Over time I have been able to restore the graves of Anna Altman at United Hebrew Cemetery; those of sisters Rose and Sarah Brenman and that of Beckie Neubauer at Baron Hirsch Cemetery, and to purchase a new headstone for Jacob Bernstein at Mount Richmond Cemetery. Recently this mitzvah of mine expanded again into an effort to convince local synagogues, churches, schools and community groups to adopt a Triangle victim’s gravesite. More than 80 of their resting places are in serious need of repair and restoration, including 15 that never received a headstone at all.
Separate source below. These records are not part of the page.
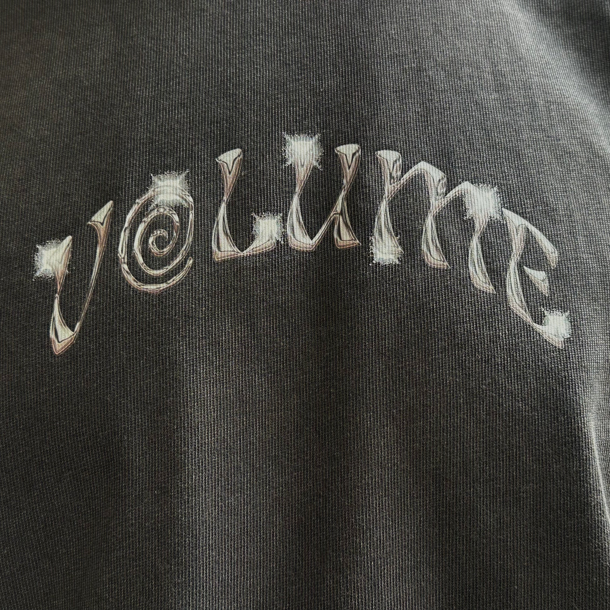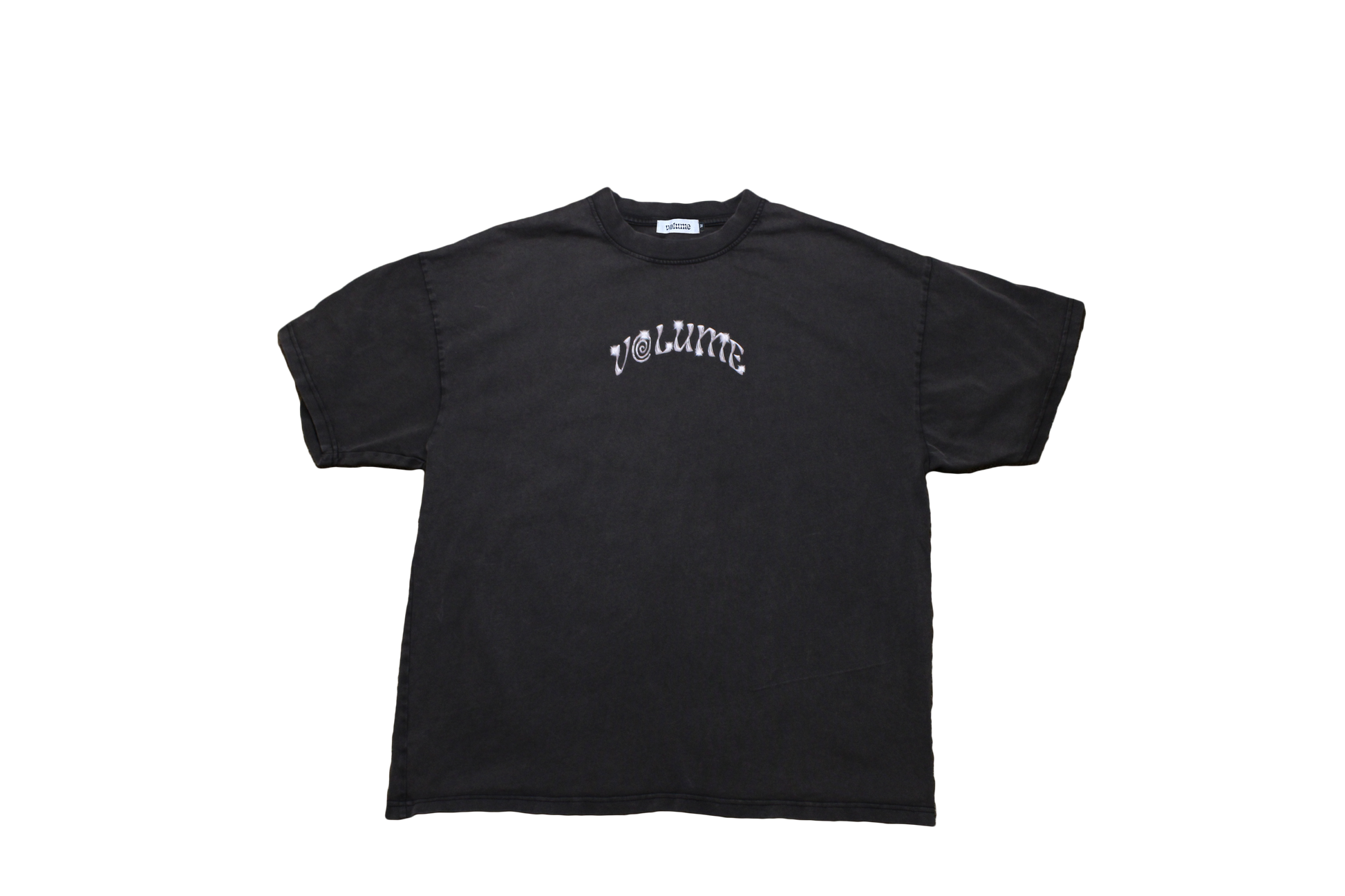 High quality 100% cotton 280gsm dark gray t-shirt digitally printed with the metal arc Volume Climbing logo on the front.
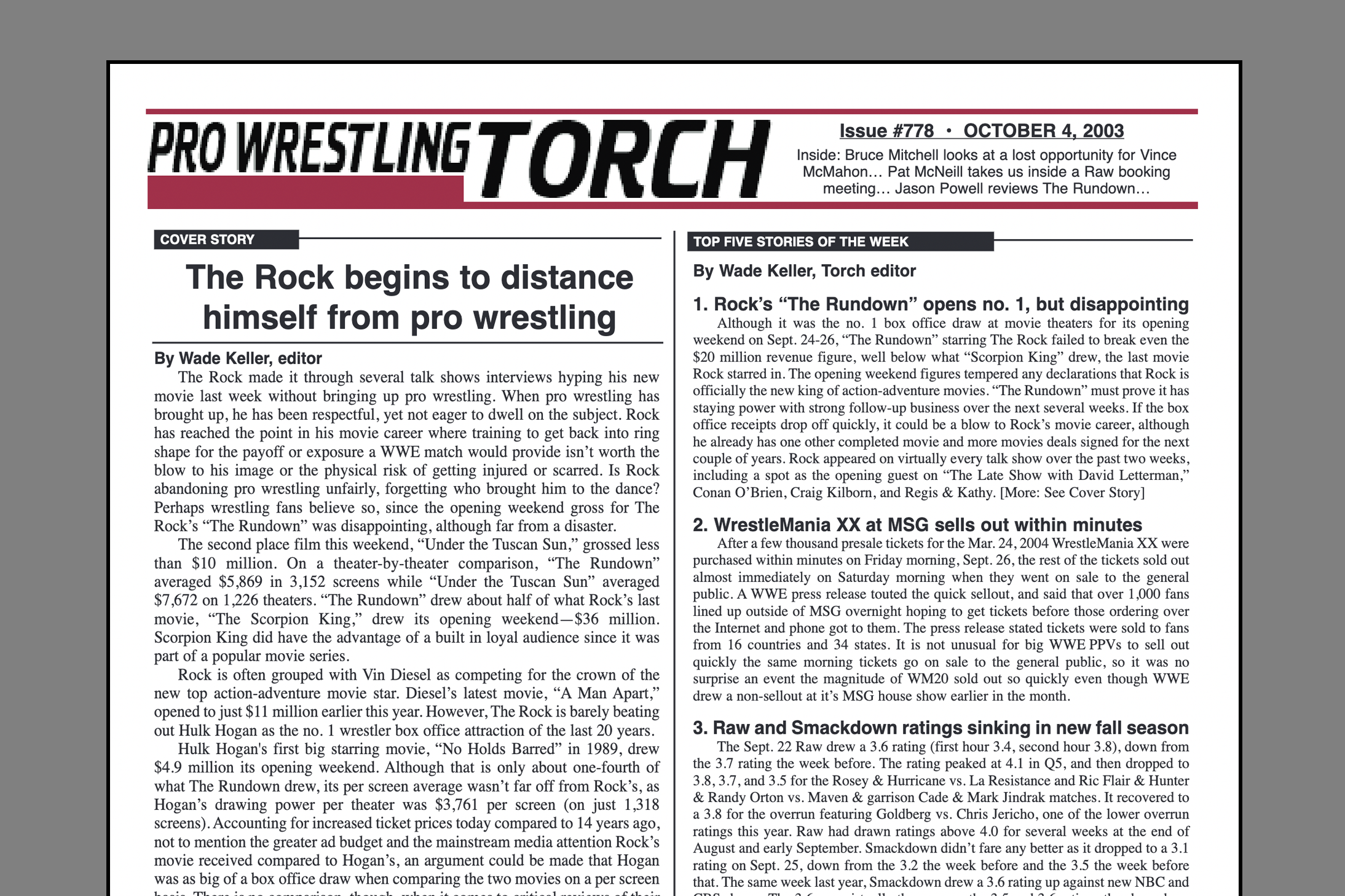 SUMMARY of #778 cover-dated October 4, 2003: This issue begins with a cover story titled: The Rock begins to distance himself from pro wrestling… The Top Five Stories of the Week begins with the box office returns for “The Rundown”… WWE Newswire features Triple H saying he will be more loyal to pro wrestling than The Rock… On Topic with Jason Powell: September Hitlist… This Week with Wade Keller: WrestleMania 20 Dream Card – All Wrestlers in Their Primes… McNeill Factor: Inside the Raw Production Meeting… Torch Talk with Raven, pt. 5: “I was espousing all of Jeff Jarrett’s points in the Russo camp”… Bruce Mitchell feature column: Consumer Advisory – Why McMahon isn’t giving the fans what they’re paying for… Plus Torch Newswire, the Top Five Stories, TV reports, Live Event Results, 1993 Backtrack, End Notes with Wade Keller, and more…
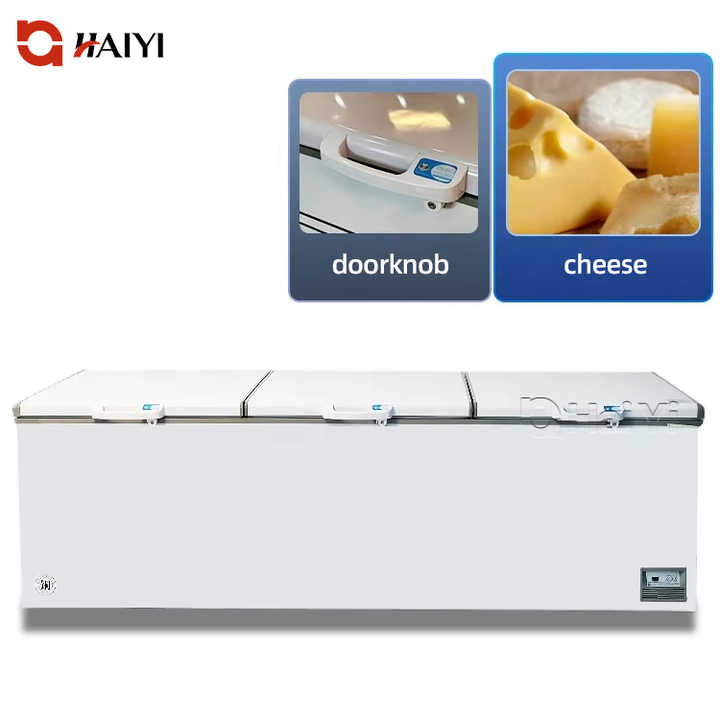 Congelador horizontal de tres puertas dobles para supermercado, Cocina, Restaurante, uso, refrigerador, función de visualización, congelador de pecho
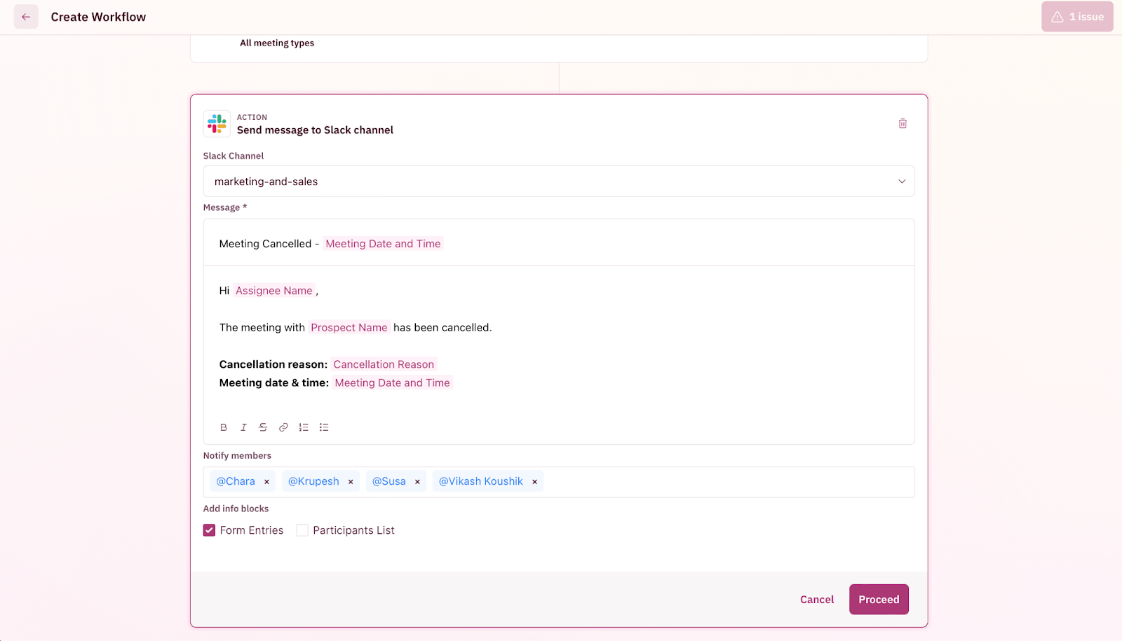 Make the Slack message actionable. Include a quick CTA, like check the contact, to prompt any additional, manual outreach if needed. This step transforms a canceled meeting from “lost” to “re-engagement opportunity”.
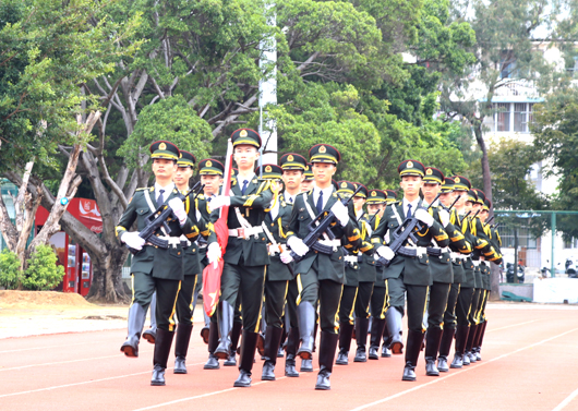 八時(shí)整,升旗儀式正式開(kāi)始。伴隨雄壯的《義勇軍進(jìn)行曲》和西大國(guó)旗儀仗隊(duì)鏗鏘的腳步聲,師生齊唱國(guó)歌,深情注目,鮮艷的五星紅旗與太陽(yáng)一同升起,高高飄揚(yáng)。
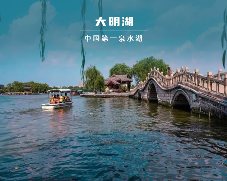 4)或前往【大明湖】,可乘坐公共交通:41路/k109路等等公交到大明湖站下车,或者步行走到大明湖公园。在大明湖我们可以坐船、看湖畔垂柳、漫步湖边享受夕阳西下。
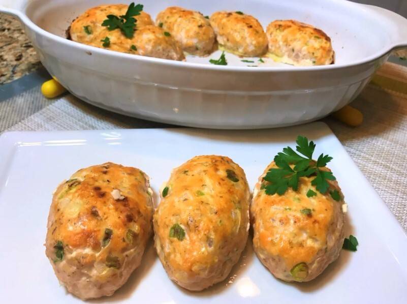 Диетический вариант блюда получится в духовке. Изделия выложите на противень, предварительно застелив его пекарским пергаментом. Если сбрызнуть их лимонным соком перед запеканием, вкус получится более изысканным.
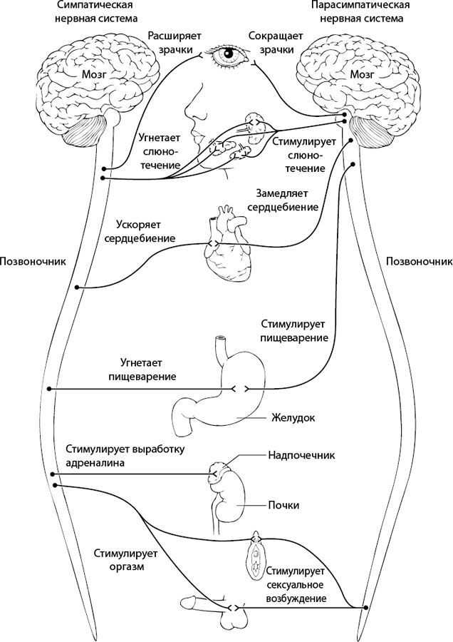 Как наш мозг говорит остальным частям тела, что им делать? Он отправляет им сообщения через нервы, которые тянутся от головного мозга вниз, по позвоночнику и к периферии тела. Одна из частей этой системы коммуникации довольно простая и знакомая. Это соматическая нервная система, отвечающая за сознательные действия. Мы решаем напрячь мышцу, и это происходит. Эта часть нервной системы позволяет нам обмениваться рукопожатиями, заполнять налоговые формы и танцевать польку. Есть другая часть нервной системы, связанная с внутренними органами, идущая мимо скелетных мышц, и эта часть управляет другими интересными вещами: покраснением, гусиной кожей, оргазмом. В целом мы меньше контролируем то, что говорит мозг потовым железам, чем, например, мышцам бедер. (Однако мы в некоторой степени можем контролировать работу этой автоматически функционирующей нервной системы; метод биологической обратной связи, например, основан на том, чтобы научиться произвольно и сознательно менять те или иные автоматические функции. Еще один пример – обучение работе на гончарном круге, когда мы постепенно приобретаем мастерство. На более простом уровне то же самое происходит, когда мы сознательно подавляем громкую отрыжку во время свадебной церемонии.) Нервы, тянущиеся к таким местам, как потовые железы, несут те или иные сообщения, и этот процесс происходит относительно непроизвольно и автоматически. Систему таких нервов называют автономной (вегетативной) нервной системой, и у нее есть все необходимое для того, чтобы запустить реакцию на стресс. В ответ на стресс одна половина этой системы активируется, а другая половина – наоборот, подавляется.
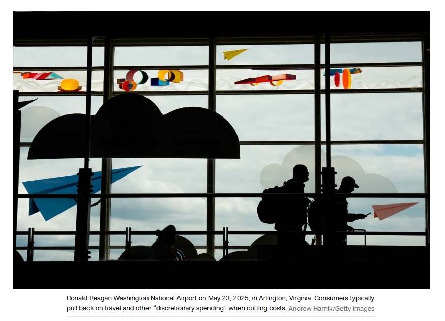 對于像威爾伯恩這樣的家庭來說,春季的瘋狂消費是對抗不確定性的“豪賭”,可能需要多年的精打細(xì)算來償還債務(wù)。如今背負(fù)新債的美國人正縮減消費,尤其是餐飲、旅行等非必需支出。美國金融服務(wù)網(wǎng)站銀率網(wǎng)(Bankrate)的調(diào)查顯示,54%的美國成年人計劃減少此類消費,高于去年的49%。商務(wù)部數(shù)據(jù)也印證了這一情況,五月份餐館和酒吧的零售支出下降了0.9%,這是自二月以來的首次月度下降,也是自2023年2月以來的最大降幅。
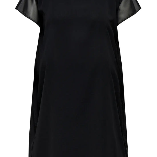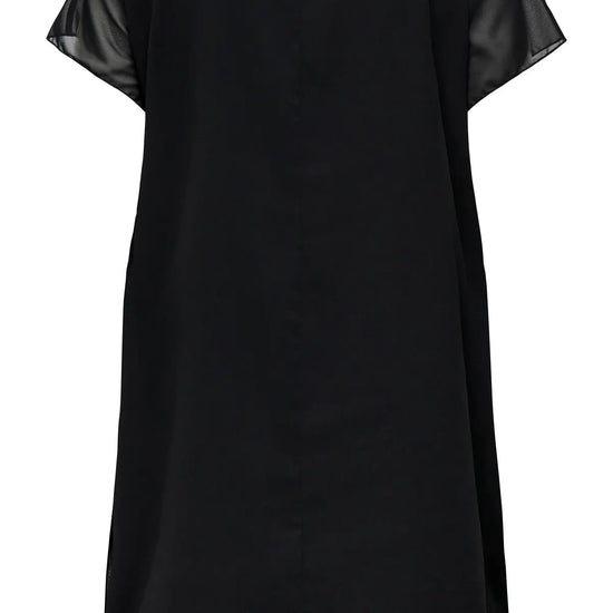 Denne korte kjole har en rund hals og korte ærmer, der giver et klassisk og behageligt look. Den er fremstillet i 100% polyester, hvilket sikrer let og luftigt materiale, der passer godt til efterårssæsonen. Kjolen er lavet med to lag stof, hvor det yderste lag er chiffon.
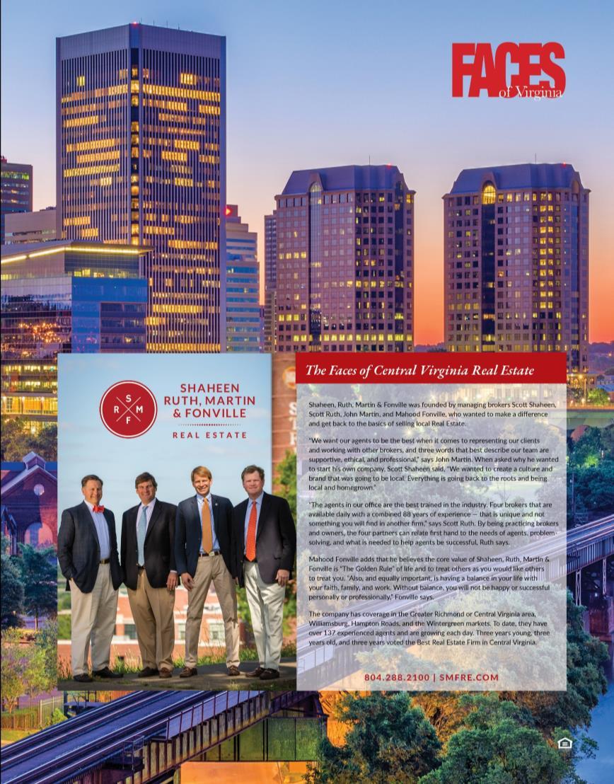 Shaheen, Ruth, Martin & Fonville was founded by four Managing Brokers, Scott Shaheen, Scott Ruth, John Martin, and Mahood Fonville, that wanted to make a difference and get back to the basics of selling local Real Estate. Their focus was on staying relevant and being ahead of the power curve when it comes to technology, marketing, and training in the Residential RealEstate Arena. "We want our agents to be the best when it comes to representing our clients and working with other Brokers, and three words that best describes our team are Supportive, Ethical, & Professional. " as stated by John Martin. When asked why he wanted to start his own company Scott Shaheen said, “We wanted to create a culture and brand that was going to be local! Everything is going back to the roots and being local and home grown”
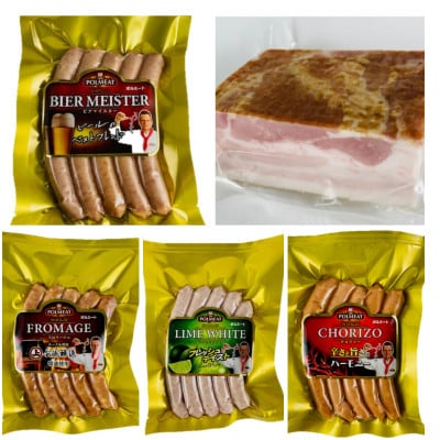 ポルミートのこだわりソーセージ4点とベーコンブロックのセットです!
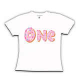 The t-shirt in the image is with the word "ONE" written in a pink sprinkled donut. .The cloth of t-shirts Bio wash 100% soft Cotton ,180 GSM, Combed yarn.The t-shirt is a fun and casual piece of clothing that can be worn for a variety of occasions. It would be a great choice for a day out with friends, a casual night out, or even a laid-back work environment. The t-shirt can be paired with jeans, shorts, or skirts
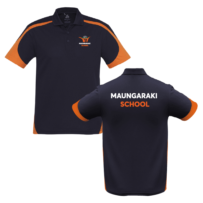 The new navy blue polo has an orange stripe, the school logo on the front and the school name across the back. These can be worn every day including Maungaraki Fridays and trips. These won't be used for sporting teams or events representing the school.
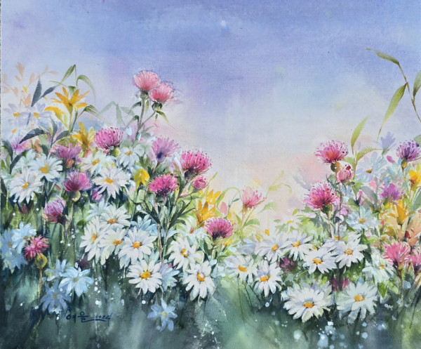 | 作品説明 | 白い野菊、ピンク色のアザミ、黄色い花など、さまざまな野の花が調和して咲いています。繊細でありながら自由な筆致が野の花の生き生きとした様子を巧みに表現しており、特に絵具がにじむような技法が作品に幻想的な雰囲気を加えています。 |

Not long ago, I told my friend Leigh Benin, who is a cousin of Triangle victim Rosie Oringer, that through all of this I have come to feel a little bit that I, too, have become a kind of distant cousin to Rosie and the others. He said to me, “You know, one definition of family [is] the people who know your story.”

Maybe that’s true.

Michael Hirsch is a researcher and co-producer of the HBO documentary film, “Triangle: Remembering the Fire,” who recently identified the last six victims of the 1911 disaster.